In 2024 the tide will turn. People are determined to empower themselves. People are determined to fight until they can assert themselves to install and ignite a new political order that is more fair, more humane, and more peaceful. They will strive to select new leaders who will act more responsibly in accordance with the will of the people. 

 

This revised VAT scheme will not raise the required revenue. It will bring unspeakable misery to ordinary people. It is a devise to take a land of hungry, angry people to a chaotic hell of bewildering price hikes in a hand cart

 

The purpose of this missive is to appeal to both Anura Kumara Dissanayake and Sajith Premadasa to call a truce to bring about the changes desired by ordinary people in political innovation and restructuring. 

A market economy is necessary. Not a market society. As Karl Polanyi insists in his ‘Great Transformation’ the most seminal work in political economy written in the 20th century ‘a self-adjusting market is stark Utopia.” 

“Such an institution could not exist for any length of time without annihilating the human and natural substance of society; it would have physically destroyed man and transformed his surrounding into a wilderness.” 

The Bond Deals of which we have heard so much, the pump and dump deals that still need exposure are symptoms of a market society. 

A Market system is necessary. Capitalism has no alternative in the horizon. There are no easy solutions. The purpose of the state is to keep constant vigil on a fine balance between personal gain and societal wellbeing. 

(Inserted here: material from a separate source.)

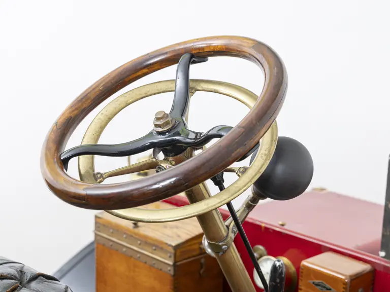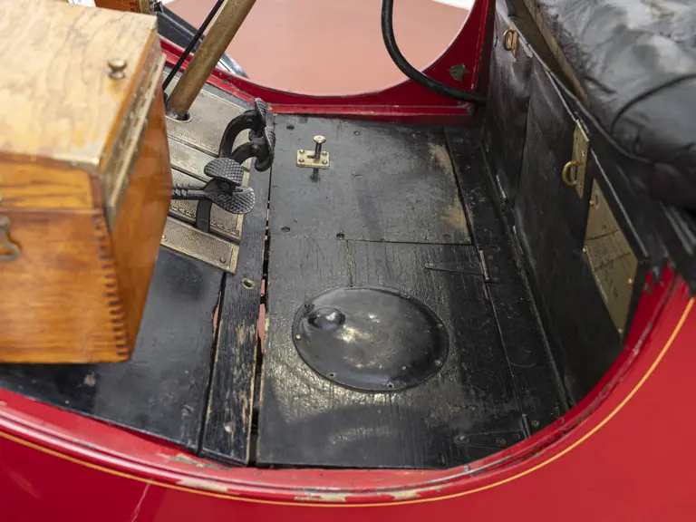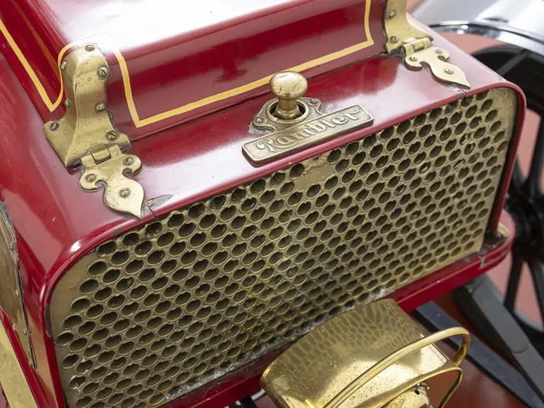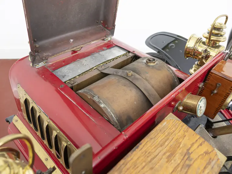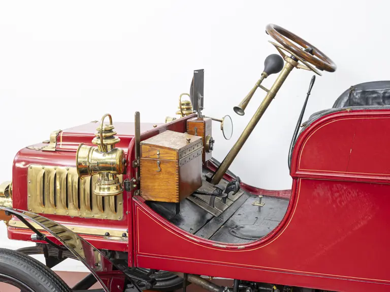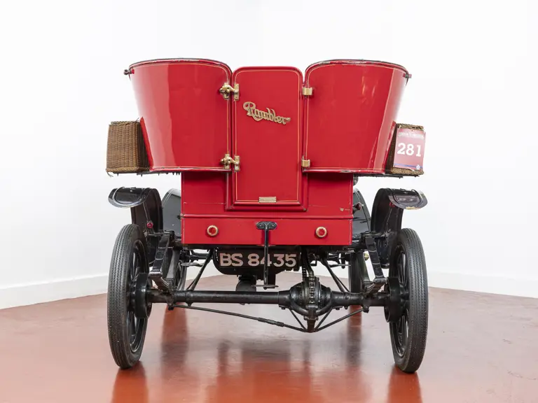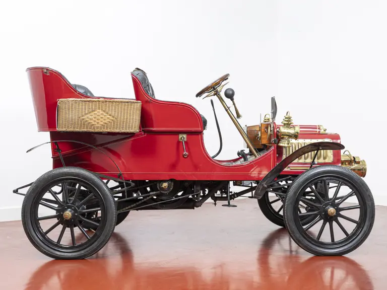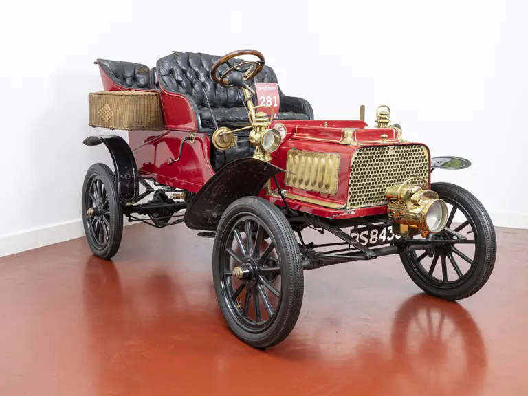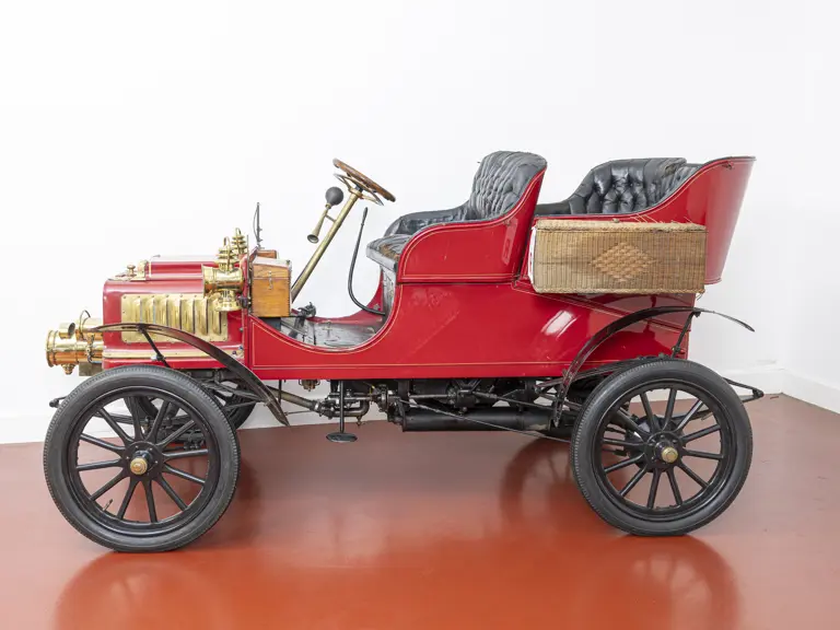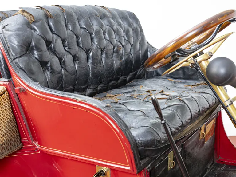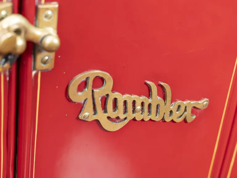 The Rambler offered here is a 1904 Model H, powered by a 7-horsepower single-cylinder engine with right-hand drive wheeled steering and throttle control, and bearing handsome rear-entrance “detachable tonneau” coachwork, finished in rich scarlet with its original black leather upholstery, and accessorised with Badger Brass Solar headlamp and side lamps. Acquired in 2005 by previous owner Robert Hadfield from John A Lavallee of Cambridge, Vermont, its caretaker since 1973, it was subsequently exported to the United Kingdom and, having been properly VCC-dated, has since completed the London to Brighton Veteran Car Run in 2007, 2010, 2017, 2018, and 2019. It is accompanied by a history file that includes dating paperwork, other correspondence, and a copy of the V5C from prior ownership.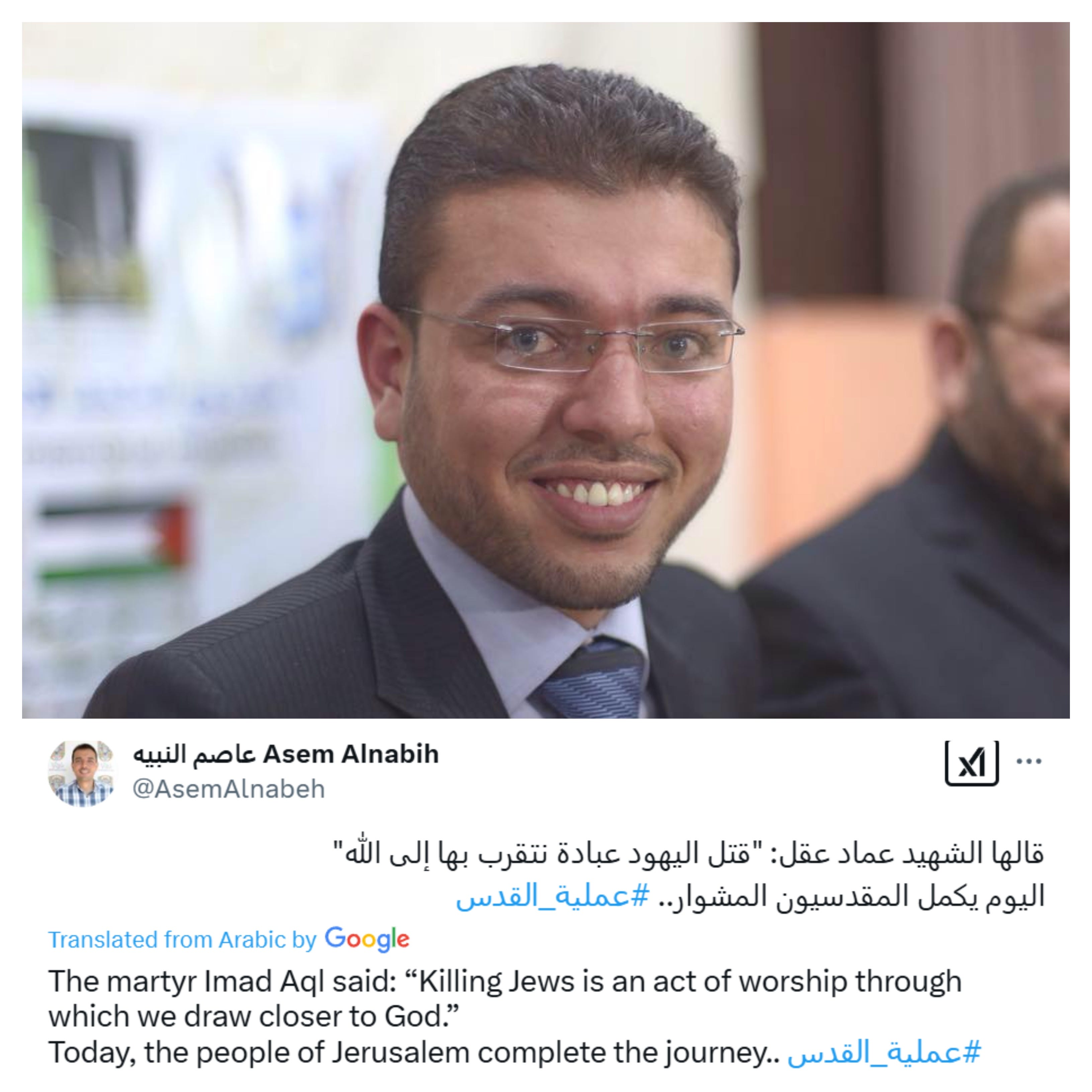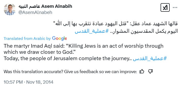 Ali Abunimah, the ever-reliable Hamas apologist who runs Electronic Intifada is well aware of Alnabih’s role in the Hamas government, and has explictly acknowledged this on EI. To him and his ilk, Hamas isn’t a terrorist organization but a noble “decolonial” force bravely resisting the “Zionist” menace. Naturally, on his site, Israelis are always “Zionists,” never Jews—an intentional dodge to obscure the true nature of his animus.

When society is subordinated to an unchecked market system a counter reaction – a societal counter reaction precipitates a crisis.

When social wellbeing is utterly, and totally undermined and social counterforce is driven to a corner a crisis is unavoidable.

Resulting chaos created in this double movement can lead to ‘more brutal forms being adopted by the kakistocracy in command to solve the economic crisis. 

Anura Kumara Dissanayake should be familiar with the writings of Antonio Gramsci – Marxist philosopher who died in one of Mussolini’s jails. Gramsci says, “Common sense is a chaotic aggregate of disparate conceptions, and one can find anything that one likes.”

The SJB and the NPP are vying for power. Both share a predicament. What do they represent?

Are they the voice of discontent?

Are they the voice of the future?

Is it too much to ask for a single voice? 

This is an age-old dilemma faced by nations mismanaged and misruled. Philosopher Karl Poper addressed it. 

“The question is not how to get good people to rule; the question is how to stop the powerful from doing as much damage as they can to us.”